Может быть, он и не хочет, а я его заставляю? Но мне это так нужно – просто нет слов как!
– Конечно, я буду рядом, ведь ты моя невеста.
Он произнес это слово так, как будто оно не понарошку, а на самом деле. От этого опять захотелось плакать.
– Я тебя люблю, – сказала я ему.
«Жених» только улыбнулся и ответил, что все будет хорошо. Я ему верю, потому что это Герман.
Чуть погодя из меня высосали кровь, а потом покормили и начали возить на рентген и в такое большое кольцо, в котором громко и страшно.

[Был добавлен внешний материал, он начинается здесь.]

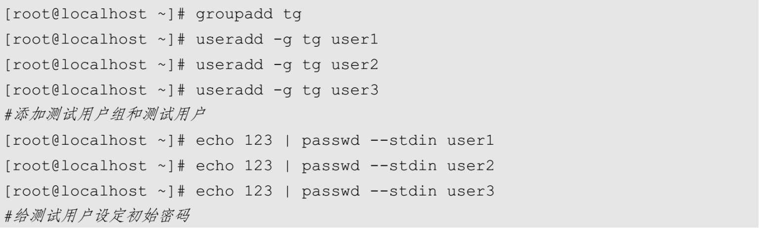 建立user1、user2和user3用户,并把它们加入tg用户组中。

Странно, но я как будто стала совсем маленькой. Наверное, это пройдет, хоть и не хотелось бы, чтобы проходило. Папа принес такой воротник специальный, надел мне на шею и велел не снимать, а то будет очень плохо. Но я же решила быть послушной? Так и сказала папочке, что я послушная, хотя кивать теперь не получается. Зато стало легче дышать, даже когда маску сняли, чтобы еще раз покормить. Меня Герман покормил, потому что я его котенок, он сам так говорит. Так тепло быть чьей-то…
Потом мы поехали домой. Герман сказал, что мы теперь будем вместе спать, потому что жених и невеста, но я догадалась почему. Если опекуны сильно били, то ночью могут быть кошмары, а каждый день просыпаться в больнице плохо – кому угодно надоест. А я не хочу, чтобы надоело маме и папе… И чтобы Герману надоело… Потому что я без него, наверное, уже не смогу. Как мало времени прошло, а он уже стал для меня дороже всего. Почему так? Я не знаю…

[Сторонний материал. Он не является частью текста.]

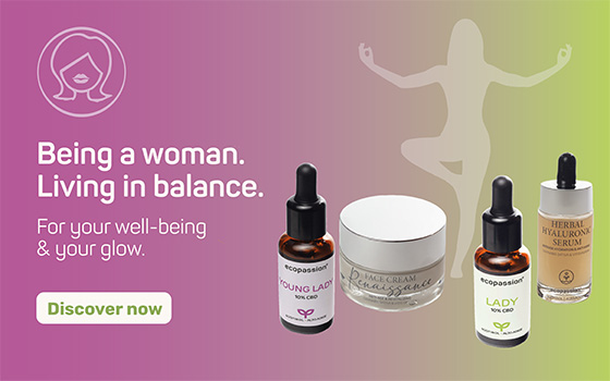 ecopassion® YOUNG LADY is a vital oil made from BIO-certified hemp seed oil from South Tyrol, enriched with 10% plant-based CBD isolate and herbal extracts of Dioscorea villosa, Alchemilla and yarrow sourced from the Dolomites, known for their soothing, protective and antioxidant properties.

– Ну что, котеночек, давай я тебе помогу.
Мой жених – наверное, уже не понарошку, пусть даже он выберет не меня, но я просто буду верить, потому что надо же во что-то верить, – он очень ласковый, а я его не стесняюсь, чего тут стесняться-то…
– Ты чудесный, – сказала я ему, отчего была поцелована в животик, потому что Герман надевал мне подгузник – мы ехали домой. – Тебе совсем не противно?
– А кто будет говорить глупости, у того попа болеть будет, – улыбнулся мне жених.
– Я согласна, – улыбнулась я ему, потому что действительно на все согласна, если это будет он. А Герман меня просто обнял, прижимая к себе, отчего опять стало тепло.
Дома меня расположили в кресле. Оказалось, что с воротником я нормально дышу и мне не страшно, и на ночь его не снимут, конечно, чтобы я сладко спала. Пока Герман куда-то уходил, я начала отвлекать маму Эльзу своими глупыми разговорами. Мама отложила все, чем занималась, и принялась слушать меня.
– Для меня Герман вдруг стал самым-самым, – сказала я. – И я на все согласна, если это будет он, а почему так, не знаю…
– Импринтинг, – непонятно произнесла мамочка, а потом объяснила: – У тебя никого не было, а теперь появилась семья. Тебе внутри хочется стабильности, поэтому так и случилось. В этом нет ничего страшного, не пугайся.
– Я не пугаюсь, ведь это же Герман. Все, что он делает, правильно.
Мама покачала головой и отдала меня вернувшемуся сыну, а я… вцепилась в него. Вечером папа сказал, что Герман пока тоже поучится дома, потому что… Оказывается, я важная… Я совсем не поняла, как так случилось, что я вдруг оказалась важной. От этого снова захотелось плакать. Наверное, я плакса.
* * *
Папа принес какие-то штуки, которые надел мне на руки. Штуки обхватили запястья, и те уже не сгибались так легко, зато почти совсем перестали болеть от каждого движения. Это была такая радость! А еще у меня появилась моя специальная щетка для зубов и особенные вилки-ложки. Сначала было страшно, но потом…
– Отчего ты плачешь?
Герман, кажется, испугался за меня, но я сейчас от радости плакала, потому что могу сама.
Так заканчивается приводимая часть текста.